▶ _Your task_:
A faithful copy is required: transcribe each line below exactly, minus the pictures.

▶ _Information supplied_:

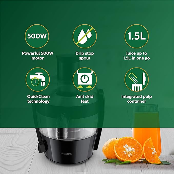 - Capacity: 1.5 liters, Power: 500 watts, Operating Voltage: 220-240 volts, Includes: Juicer, Pulp Container (1 litre) and Juice Jug (500 milliliter)
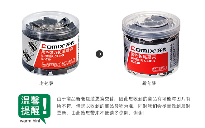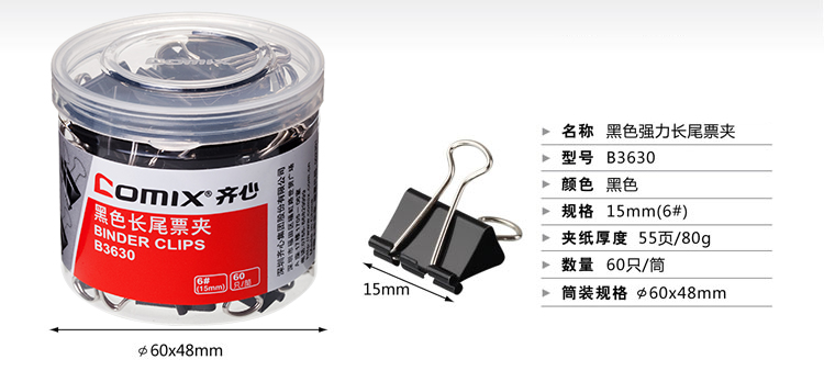 齊心(Comix) B3630黑色長(zhǎng)尾夾 單位:筒
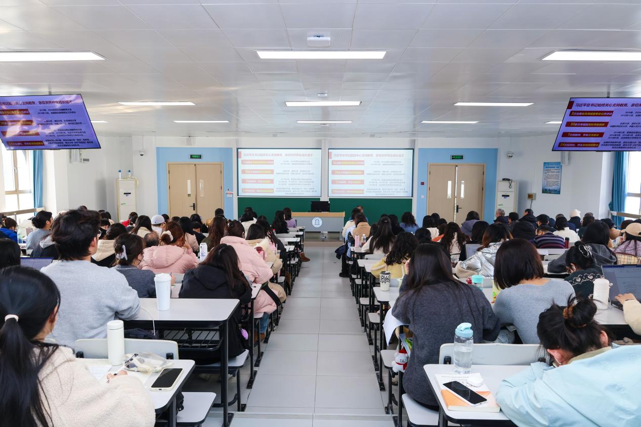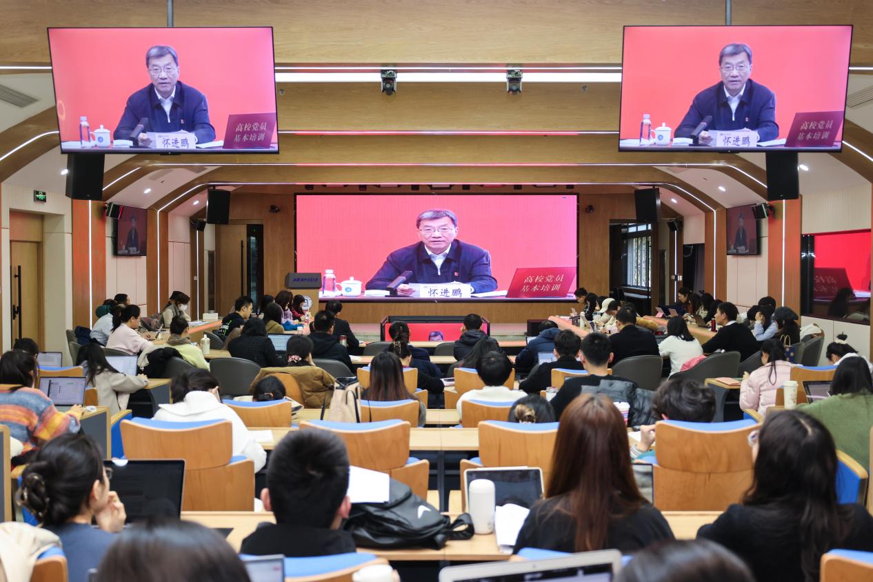 12月24日下午,学校开展师生党员集中培训,共同学习教育部党组书记、部长怀进鹏同志作的《深入学习贯彻全国教育大会精神,挺膺担当,为教育强国建设贡献力量》专题报告。学校全体师生党员在松江校区图文信息楼507报告厅主会场和松江、长宁7个分会场同上一堂党课。校党委书记祁明主持党课学习。

▶ _Solution to the exercise_:
 - Capacity: 1.5 liters, Power: 500 watts, Operating Voltage: 220-240 volts, Includes: Juicer, Pulp Container (1 litre) and Juice Jug (500 milliliter)
 齊心(Comix) B3630黑色長(zhǎng)尾夾 單位:筒
 12月24日下午,学校开展师生党员集中培训,共同学习教育部党组书记、部长怀进鹏同志作的《深入学习贯彻全国教育大会精神,挺膺担当,为教育强国建设贡献力量》专题报告。学校全体师生党员在松江校区图文信息楼507报告厅主会场和松江、长宁7个分会场同上一堂党课。校党委书记祁明主持党课学习。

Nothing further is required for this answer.